++++ DATASET RECORDS ++++

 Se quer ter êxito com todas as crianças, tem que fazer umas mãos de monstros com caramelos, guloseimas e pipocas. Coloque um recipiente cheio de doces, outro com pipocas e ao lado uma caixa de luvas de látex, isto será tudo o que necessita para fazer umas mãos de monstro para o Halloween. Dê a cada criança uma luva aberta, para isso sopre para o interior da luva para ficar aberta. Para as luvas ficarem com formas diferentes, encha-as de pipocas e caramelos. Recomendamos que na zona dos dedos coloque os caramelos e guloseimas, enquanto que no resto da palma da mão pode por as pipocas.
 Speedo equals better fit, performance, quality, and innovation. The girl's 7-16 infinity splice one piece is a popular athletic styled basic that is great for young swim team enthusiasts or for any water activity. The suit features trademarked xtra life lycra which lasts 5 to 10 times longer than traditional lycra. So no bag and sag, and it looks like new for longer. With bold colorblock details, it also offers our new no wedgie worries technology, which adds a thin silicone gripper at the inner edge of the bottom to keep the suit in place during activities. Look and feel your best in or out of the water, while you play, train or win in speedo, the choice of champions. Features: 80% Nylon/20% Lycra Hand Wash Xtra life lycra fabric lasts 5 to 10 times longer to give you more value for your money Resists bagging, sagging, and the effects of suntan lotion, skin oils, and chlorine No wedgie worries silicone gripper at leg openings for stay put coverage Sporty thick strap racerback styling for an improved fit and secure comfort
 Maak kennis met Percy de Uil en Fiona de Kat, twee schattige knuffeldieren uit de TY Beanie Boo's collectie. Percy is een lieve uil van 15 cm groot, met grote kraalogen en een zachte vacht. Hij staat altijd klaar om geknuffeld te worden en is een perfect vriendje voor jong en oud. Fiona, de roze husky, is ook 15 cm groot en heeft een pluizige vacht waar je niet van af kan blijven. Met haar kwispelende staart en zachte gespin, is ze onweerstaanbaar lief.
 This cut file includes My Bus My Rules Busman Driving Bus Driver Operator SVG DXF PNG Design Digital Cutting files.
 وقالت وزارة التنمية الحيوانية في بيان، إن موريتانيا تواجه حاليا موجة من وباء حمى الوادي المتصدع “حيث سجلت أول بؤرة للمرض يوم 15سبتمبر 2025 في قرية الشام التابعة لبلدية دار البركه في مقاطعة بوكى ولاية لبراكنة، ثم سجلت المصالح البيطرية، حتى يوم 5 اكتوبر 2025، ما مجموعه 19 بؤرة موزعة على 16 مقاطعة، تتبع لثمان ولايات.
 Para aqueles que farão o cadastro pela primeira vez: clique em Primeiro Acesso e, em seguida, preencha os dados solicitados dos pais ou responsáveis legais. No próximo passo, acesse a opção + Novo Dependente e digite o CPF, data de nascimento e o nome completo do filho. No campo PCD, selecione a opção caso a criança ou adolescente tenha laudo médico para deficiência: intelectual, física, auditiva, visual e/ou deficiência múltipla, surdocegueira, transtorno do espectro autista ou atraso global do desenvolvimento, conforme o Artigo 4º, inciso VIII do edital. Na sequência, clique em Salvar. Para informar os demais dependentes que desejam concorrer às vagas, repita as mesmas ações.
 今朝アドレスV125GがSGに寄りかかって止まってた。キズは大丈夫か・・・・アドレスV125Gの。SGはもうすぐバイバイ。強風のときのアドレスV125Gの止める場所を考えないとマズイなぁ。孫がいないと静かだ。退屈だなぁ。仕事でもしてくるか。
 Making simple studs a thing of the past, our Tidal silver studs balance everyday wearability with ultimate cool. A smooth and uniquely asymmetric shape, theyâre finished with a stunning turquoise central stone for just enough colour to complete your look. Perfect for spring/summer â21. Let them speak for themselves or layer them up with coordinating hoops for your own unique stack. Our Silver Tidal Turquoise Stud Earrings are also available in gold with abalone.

++++

Transcribe the entries above, every line exactly as it reads.

 Se quer ter êxito com todas as crianças, tem que fazer umas mãos de monstros com caramelos, guloseimas e pipocas. Coloque um recipiente cheio de doces, outro com pipocas e ao lado uma caixa de luvas de látex, isto será tudo o que necessita para fazer umas mãos de monstro para o Halloween. Dê a cada criança uma luva aberta, para isso sopre para o interior da luva para ficar aberta. Para as luvas ficarem com formas diferentes, encha-as de pipocas e caramelos. Recomendamos que na zona dos dedos coloque os caramelos e guloseimas, enquanto que no resto da palma da mão pode por as pipocas.
 Speedo equals better fit, performance, quality, and innovation. The girl's 7-16 infinity splice one piece is a popular athletic styled basic that is great for young swim team enthusiasts or for any water activity. The suit features trademarked xtra life lycra which lasts 5 to 10 times longer than traditional lycra. So no bag and sag, and it looks like new for longer. With bold colorblock details, it also offers our new no wedgie worries technology, which adds a thin silicone gripper at the inner edge of the bottom to keep the suit in place during activities. Look and feel your best in or out of the water, while you play, train or win in speedo, the choice of champions. Features: 80% Nylon/20% Lycra Hand Wash Xtra life lycra fabric lasts 5 to 10 times longer to give you more value for your money Resists bagging, sagging, and the effects of suntan lotion, skin oils, and chlorine No wedgie worries silicone gripper at leg openings for stay put coverage Sporty thick strap racerback styling for an improved fit and secure comfort
 Maak kennis met Percy de Uil en Fiona de Kat, twee schattige knuffeldieren uit de TY Beanie Boo's collectie. Percy is een lieve uil van 15 cm groot, met grote kraalogen en een zachte vacht. Hij staat altijd klaar om geknuffeld te worden en is een perfect vriendje voor jong en oud. Fiona, de roze husky, is ook 15 cm groot en heeft een pluizige vacht waar je niet van af kan blijven. Met haar kwispelende staart en zachte gespin, is ze onweerstaanbaar lief.
 This cut file includes My Bus My Rules Busman Driving Bus Driver Operator SVG DXF PNG Design Digital Cutting files.
 وقالت وزارة التنمية الحيوانية في بيان، إن موريتانيا تواجه حاليا موجة من وباء حمى الوادي المتصدع “حيث سجلت أول بؤرة للمرض يوم 15سبتمبر 2025 في قرية الشام التابعة لبلدية دار البركه في مقاطعة بوكى ولاية لبراكنة، ثم سجلت المصالح البيطرية، حتى يوم 5 اكتوبر 2025، ما مجموعه 19 بؤرة موزعة على 16 مقاطعة، تتبع لثمان ولايات.
 Para aqueles que farão o cadastro pela primeira vez: clique em Primeiro Acesso e, em seguida, preencha os dados solicitados dos pais ou responsáveis legais. No próximo passo, acesse a opção + Novo Dependente e digite o CPF, data de nascimento e o nome completo do filho. No campo PCD, selecione a opção caso a criança ou adolescente tenha laudo médico para deficiência: intelectual, física, auditiva, visual e/ou deficiência múltipla, surdocegueira, transtorno do espectro autista ou atraso global do desenvolvimento, conforme o Artigo 4º, inciso VIII do edital. Na sequência, clique em Salvar. Para informar os demais dependentes que desejam concorrer às vagas, repita as mesmas ações.
 今朝アドレスV125GがSGに寄りかかって止まってた。キズは大丈夫か・・・・アドレスV125Gの。SGはもうすぐバイバイ。強風のときのアドレスV125Gの止める場所を考えないとマズイなぁ。孫がいないと静かだ。退屈だなぁ。仕事でもしてくるか。
 Making simple studs a thing of the past, our Tidal silver studs balance everyday wearability with ultimate cool. A smooth and uniquely asymmetric shape, theyâre finished with a stunning turquoise central stone for just enough colour to complete your look. Perfect for spring/summer â21. Let them speak for themselves or layer them up with coordinating hoops for your own unique stack. Our Silver Tidal Turquoise Stud Earrings are also available in gold with abalone.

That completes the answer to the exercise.